>>>
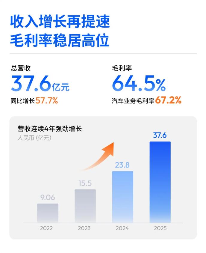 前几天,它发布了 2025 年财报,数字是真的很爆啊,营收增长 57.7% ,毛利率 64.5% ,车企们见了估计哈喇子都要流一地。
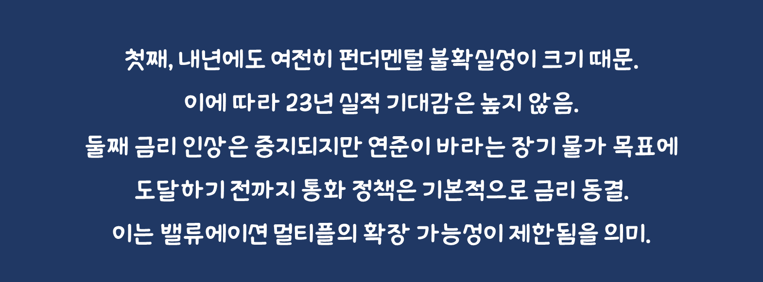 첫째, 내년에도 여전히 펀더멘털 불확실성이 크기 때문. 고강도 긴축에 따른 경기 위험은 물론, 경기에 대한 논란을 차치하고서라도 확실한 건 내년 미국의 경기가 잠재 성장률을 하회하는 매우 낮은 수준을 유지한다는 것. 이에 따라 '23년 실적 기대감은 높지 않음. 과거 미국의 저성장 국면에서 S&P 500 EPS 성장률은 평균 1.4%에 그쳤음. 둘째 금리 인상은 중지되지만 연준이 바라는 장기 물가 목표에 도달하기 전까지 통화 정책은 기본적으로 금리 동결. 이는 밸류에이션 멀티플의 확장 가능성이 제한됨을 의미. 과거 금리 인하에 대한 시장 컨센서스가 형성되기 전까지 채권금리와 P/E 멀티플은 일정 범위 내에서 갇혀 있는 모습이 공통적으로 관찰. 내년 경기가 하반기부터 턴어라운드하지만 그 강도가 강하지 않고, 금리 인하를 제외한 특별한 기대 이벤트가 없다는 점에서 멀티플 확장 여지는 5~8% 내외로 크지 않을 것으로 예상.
<<<
>>>
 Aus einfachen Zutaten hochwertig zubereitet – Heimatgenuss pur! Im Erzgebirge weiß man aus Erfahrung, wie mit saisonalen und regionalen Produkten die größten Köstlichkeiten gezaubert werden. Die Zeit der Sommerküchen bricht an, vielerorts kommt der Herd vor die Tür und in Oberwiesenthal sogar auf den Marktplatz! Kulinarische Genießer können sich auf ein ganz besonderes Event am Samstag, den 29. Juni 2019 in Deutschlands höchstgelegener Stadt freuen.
<<<
>>>
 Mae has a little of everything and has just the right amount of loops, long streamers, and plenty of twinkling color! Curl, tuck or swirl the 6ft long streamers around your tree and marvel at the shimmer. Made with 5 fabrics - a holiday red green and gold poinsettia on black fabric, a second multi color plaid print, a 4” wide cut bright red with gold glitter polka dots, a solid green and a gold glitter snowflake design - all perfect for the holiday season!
<<<
▶ _TASK INSTRUCTIONS_
Keep to the lines above from the line with "前几天,它发布了 2025 年财报,数字是真的很爆啊,营收增长" to the line with "첫째, 내년에도 여전히", and set down exactly those, inclusive, with nothing else and every picture left out.

▶ _RESULT FOR THIS TASK_
 前几天,它发布了 2025 年财报,数字是真的很爆啊,营收增长 57.7% ,毛利率 64.5% ,车企们见了估计哈喇子都要流一地。
 첫째, 내년에도 여전히 펀더멘털 불확실성이 크기 때문. 고강도 긴축에 따른 경기 위험은 물론, 경기에 대한 논란을 차치하고서라도 확실한 건 내년 미국의 경기가 잠재 성장률을 하회하는 매우 낮은 수준을 유지한다는 것. 이에 따라 '23년 실적 기대감은 높지 않음. 과거 미국의 저성장 국면에서 S&P 500 EPS 성장률은 평균 1.4%에 그쳤음. 둘째 금리 인상은 중지되지만 연준이 바라는 장기 물가 목표에 도달하기 전까지 통화 정책은 기본적으로 금리 동결. 이는 밸류에이션 멀티플의 확장 가능성이 제한됨을 의미. 과거 금리 인하에 대한 시장 컨센서스가 형성되기 전까지 채권금리와 P/E 멀티플은 일정 범위 내에서 갇혀 있는 모습이 공통적으로 관찰. 내년 경기가 하반기부터 턴어라운드하지만 그 강도가 강하지 않고, 금리 인하를 제외한 특별한 기대 이벤트가 없다는 점에서 멀티플 확장 여지는 5~8% 내외로 크지 않을 것으로 예상.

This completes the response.